While all had experience advocating for individuals and systemic change, the realities unfolding at the border added new layers of understanding. From last year’s trip to this one, they saw that holding facilities first intended to be more temporary were becoming more permanent. They visited one migrant housing facility that specialized in helping people with injuries like broken bones, often from falling from a fence trying to cross the border. They also saw other things individuals might experience before reaching a state like Washington.
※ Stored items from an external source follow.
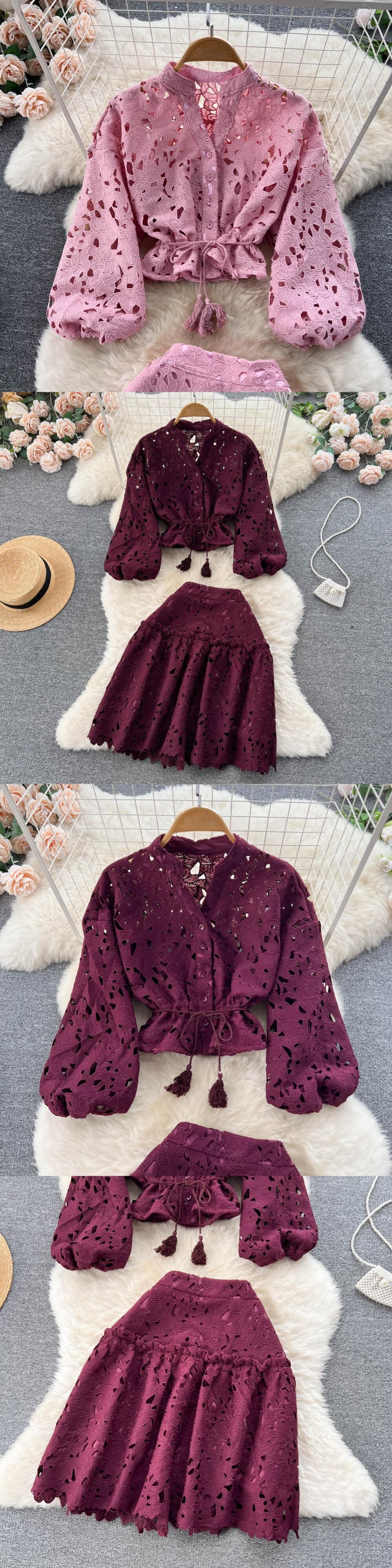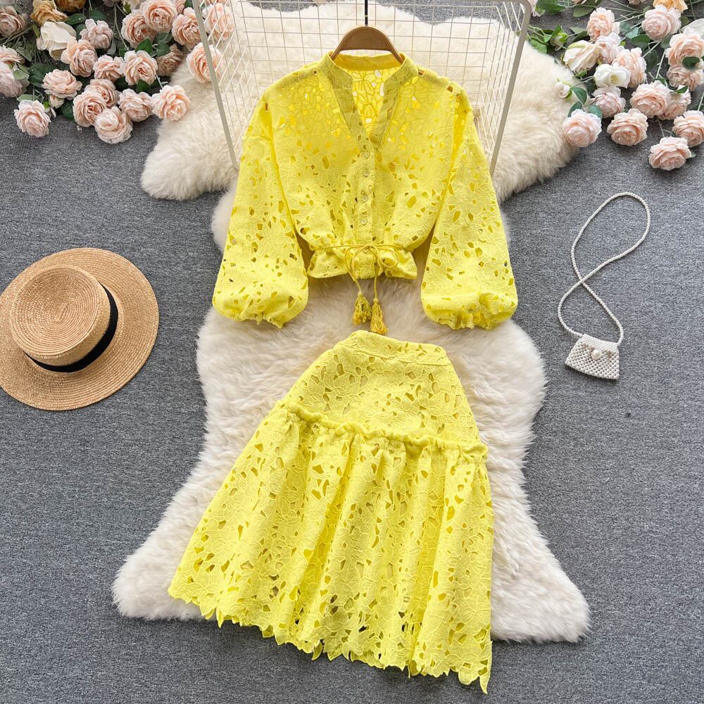 ファッショナブルでファッショナブルなツーピース スーツ女性の夏のスタイル活気のある年齢を減らす中空ランタン スリーブ シャツ トップ ハーフ スカート ランタンスリーブ サマー 夏物 lyxaj68409699295
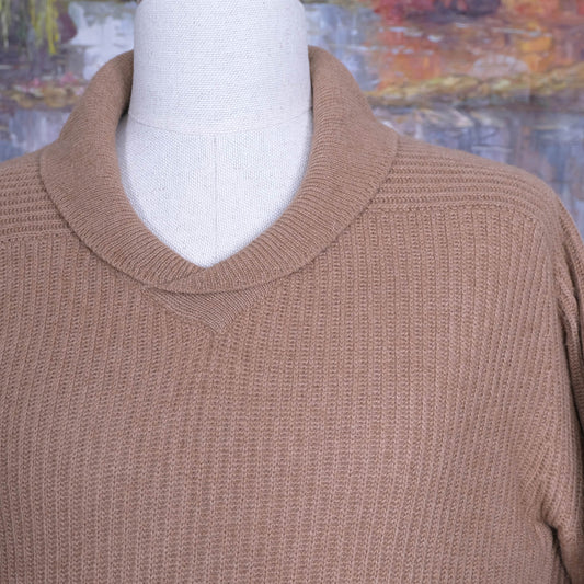 Clan Douglas, vaalea shaalikaulusneule, koko L, kamelinkarvaa
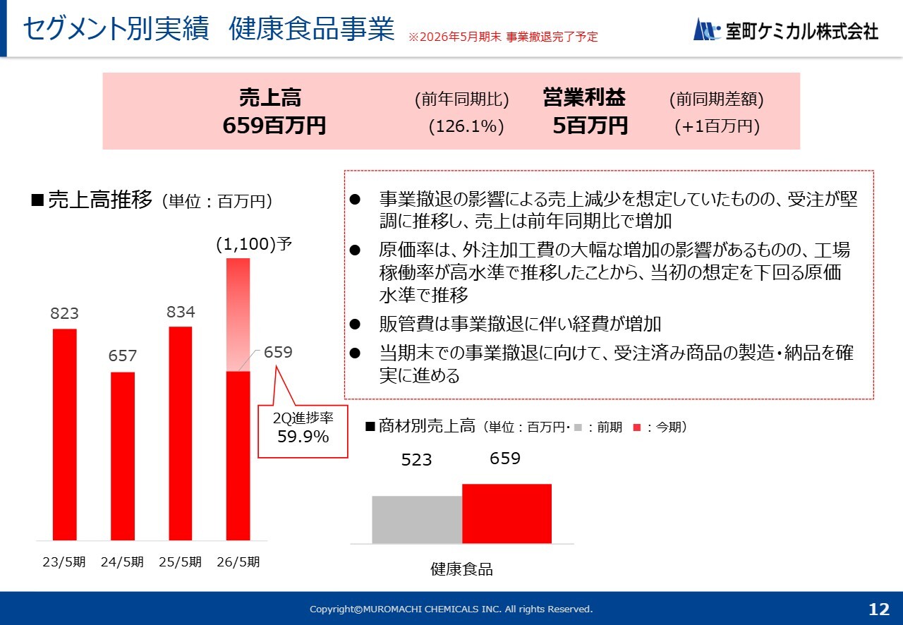 最後に、健康食品事業において、当初、事業撤退に伴い受注がある程度減少するだろうと予想していました。しかし、想定を上回る、切り替えのための在庫を持ちたいという要望が多く寄せられたことで、生産が増え、販売も増加しました。以上の順序で影響が大きかったと見ています。
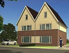 rijtje woningen waarvan de kap dwars op de rij huizen staat (eerste rij

“These kids were receiving resources to help them find attorneys wherever they end up moving with their sponsor,” says Arnold. “But I know from experience how saturated immigration legal service providers are and have been for years. So, people often will be calling so many different numbers for legal services, maybe getting on a waitlist, or they might not get ahold of anyone at all and face the prospect of self-representation or paying unaffordable expenses to secure a private attorney.”

They also saw how a border city like El Paso functions in constant crisis, with immigration work like law enforcement and border patrol embedded in the economy and service organizations working in tandem with enforcement. In Washington state, on the other hand, advocates have been working to shut down the immigration detention center, the fourth largest in the nation, rather than legitimize something inhumane.
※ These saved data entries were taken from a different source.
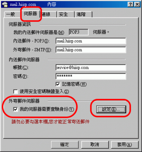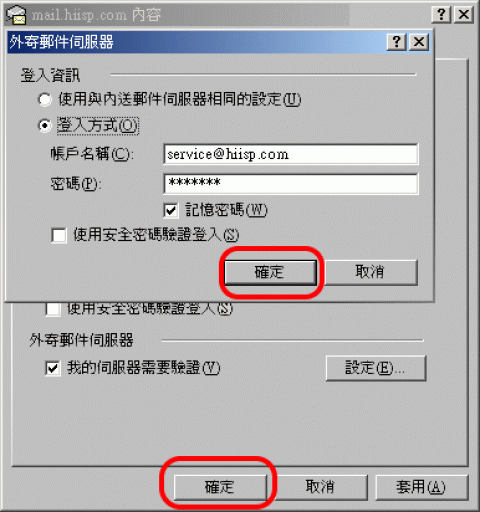 注:在此我们以【service@hiisp.com】为范例说明之;【service】就是您在信箱主机管理接口盘自行开设帐号名称,【hiisp.com】就是您网域名称(记得千万不用加前面的 www) 。
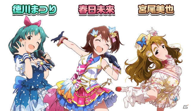 そして、11月からは2017年3月に日本武道館で開催されるミリオン4thライブと連動したイベントの実施が予定されている。今回はミリオンスターズが新たな12のユニットに分かれて、武道館ライブの成功を目指して頑張っていく。その中から今回は、春日未来、徳川まつり、宮尾美也の3人によるユニットが公開となった。
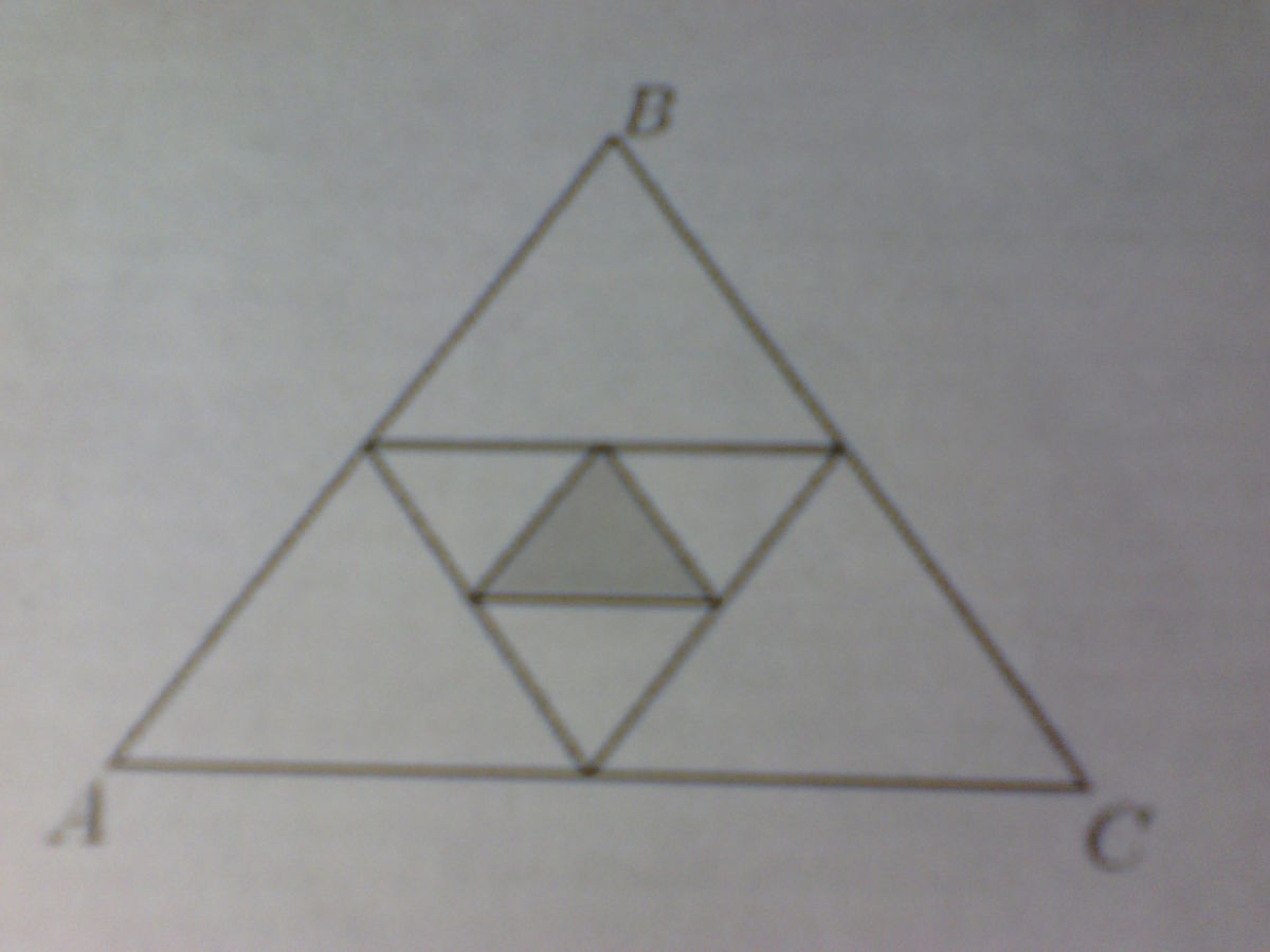 1 способ: Треугольники подобны ( т.к. они равносторонние и все углы по 60 градусов). треугольник АВС разбит на 4 равносторонних треугольника. найдем их сторону: периметр АВС = 24 см. периметр делим на 6 частей, получаем 4 см, это сторона вписанного треугольника, следовательно сторона закрашенного треугольника 2 см, из этого периметр = 6 см. 2 способ: из 1го способа закрашенный треугольник в 4 раза меньше АВС, следовательно периметр в 4 раза меньше. 24/4=6 см.
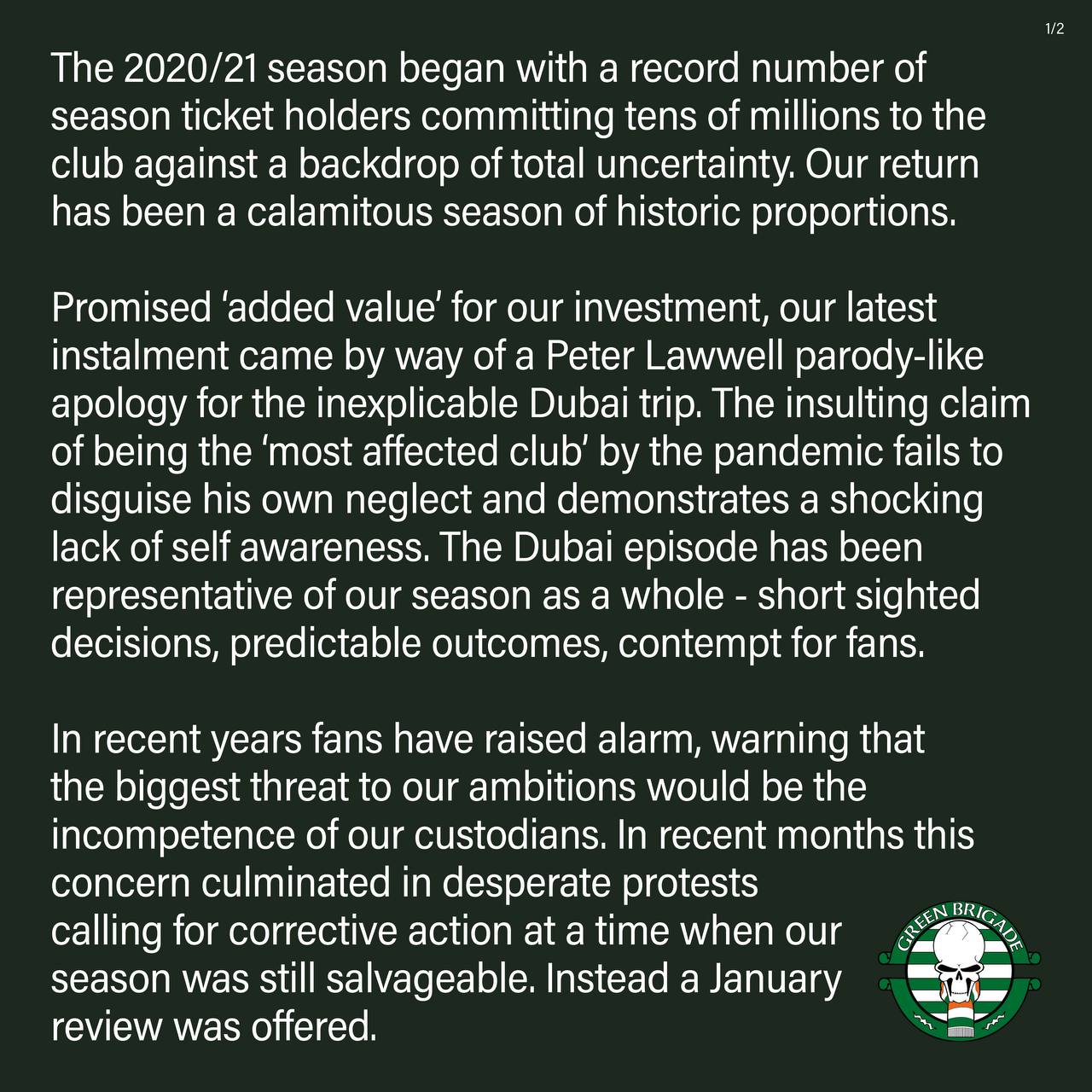 Green Brigade banner and statement pic.twitter.com/RLm0N5epmP
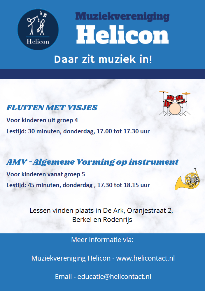 Kosten: lidmaatschap Helicon: €42,- per kwartaal + € 15,- huur instrument per kwartaal als je geen eigen instrument hebt
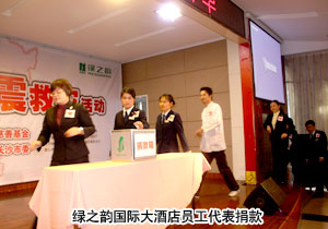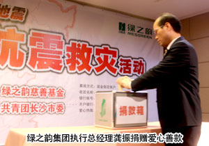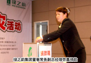 2010年4月18日,綠之韻集團“情系玉樹?共筑家園”抗震救災捐款活動在綠之韻國際大酒店貴賓樓舉辦,聯(lián)合長沙市青少年發(fā)展基金會向災區(qū)捐贈了第一筆愛心善款——30萬元現(xiàn)金及物資。共青團長沙市委副書記彭勇、長沙市青少年發(fā)展基金會秘書長羊舒麟代表災區(qū)現(xiàn)場接受捐贈。長沙市新聞頻道、長沙晚報等新聞媒體出席會議并現(xiàn)場報道捐款情況。綠之韻集團董事常務副總經(jīng)理勞嘉、執(zhí)行總經(jīng)理龔振、市場總監(jiān)諶獻軍等集團高管與集團總部、國際大酒店、迪博制藥廠的員工代表、第二十九屆區(qū)域(高級)經(jīng)理以及湖南地區(qū)分銷商代表現(xiàn)場踴躍捐款。胡國安董事長雖身在異地,但仍通過總裁辦捐助愛心善款,并表達了對災區(qū)同胞的關懷和鼓勵。
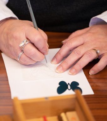 In the jewelry workshop, sit at a workbench, shape the metal and encrust it with vegetable ivory to create motifs on the wings of a jeweled butterfly.

“Part of the system’s violence is turning communities against each other,” says Arnold. “People buy in economically or socially, ‘I have a job in this,’ or, ‘My community depends on this.’ I’d seen other places where that was true, but especially where kids are held in such hostile conditions (despite efforts by KIND to make it more positive), it’s terrible to witness how people’s livelihoods are tied to such cruel institutions. It’s informative to see that and ask how it’s all connected. How can we use this to inform both direct services to individuals navigating immigration processes and broader systemic advocacy efforts?”


Standing Up for Humanity

Learn More

  • Connect with AIDS NW and learn about opportunities to welcome and affirm the dignity of all immigrants, including writing to or visiting a detained immigrant or greeting them at their welcome center.
  • Check out advocacy groups like La Resistencia that offer opportunities to follow and support systemic change.
  • Learn about and follow proposed legislation moving through the Washington State legislature.
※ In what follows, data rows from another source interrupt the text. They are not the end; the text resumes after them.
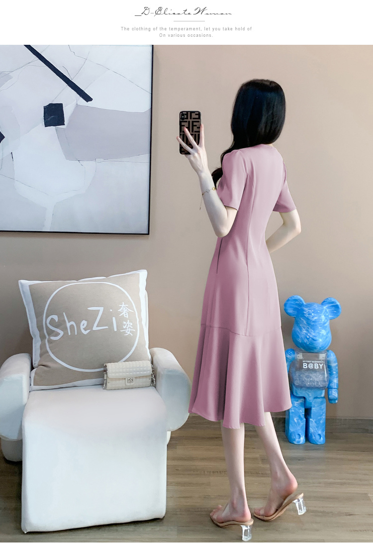 奢姿大码女装2026夏季胖妹妹V领轻奢优雅连衣裙单排扣气质裙子9952869215【1】
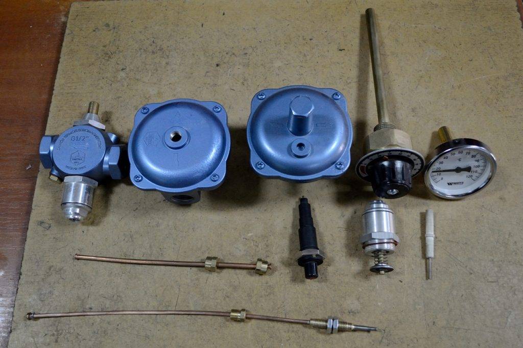Температурный регулятор нагнетает подачу газа к горелке, когда вода остывает в контуре системы отопления, и перекрывает поток при достаточном нагреве. Монтируется термодатчик в газопровод. Оснащен он такими узлами:
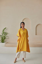 A handwoven cotton kaftan in a charismatic turmeric colour that features a moon Phulkari work on the bottom. The intricate weaving technique creates the most luxurious shade of orange, perfect for the cooler months.

Roman emphasizes that you don’t have to be an attorney to get involved. In Washington, there are many ways to help. “It’s not an immigration crisis, it’s a crisis of empathy, of humanity,” she says. “It’s one of the cruelest ways to welcome people into this country You arrive at the border expecting protection, and instead, you’re met with detention after they take all your belongings. When you’re finally released, you’re not given any information. You don’t have money or a phone and you’re expected to figure it out on your own.”

Arnold talks about the experience of being the only person on the trip without lived experience of being an immigrant or a relative of one. “There’s extreme power in people from immigrant communities providing advocacy and being at the forefront,” says Arnold. “It’s also crucial for people like me without lived immigration experience to step up and substantively support and contribute to compassionate immigration policy, and to do this in a way that centers the efforts, priorities, and voices of immigrant communities. We all have deep stakes in condemning the current criminalizing, racist immigration system as fundamentally cruel and against our values, so that we can make our society more accepting, equitable, and safe.”

Another critical piece is honoring people’s dignity rather than defining them by their oppressive experiences. “We cannot reduce people to the worst thing that has happened to them,” says Roman. “As legal advocates, our job is to move levers where we can, so immigrants can continue on their journey and begin to build their lives however they want.”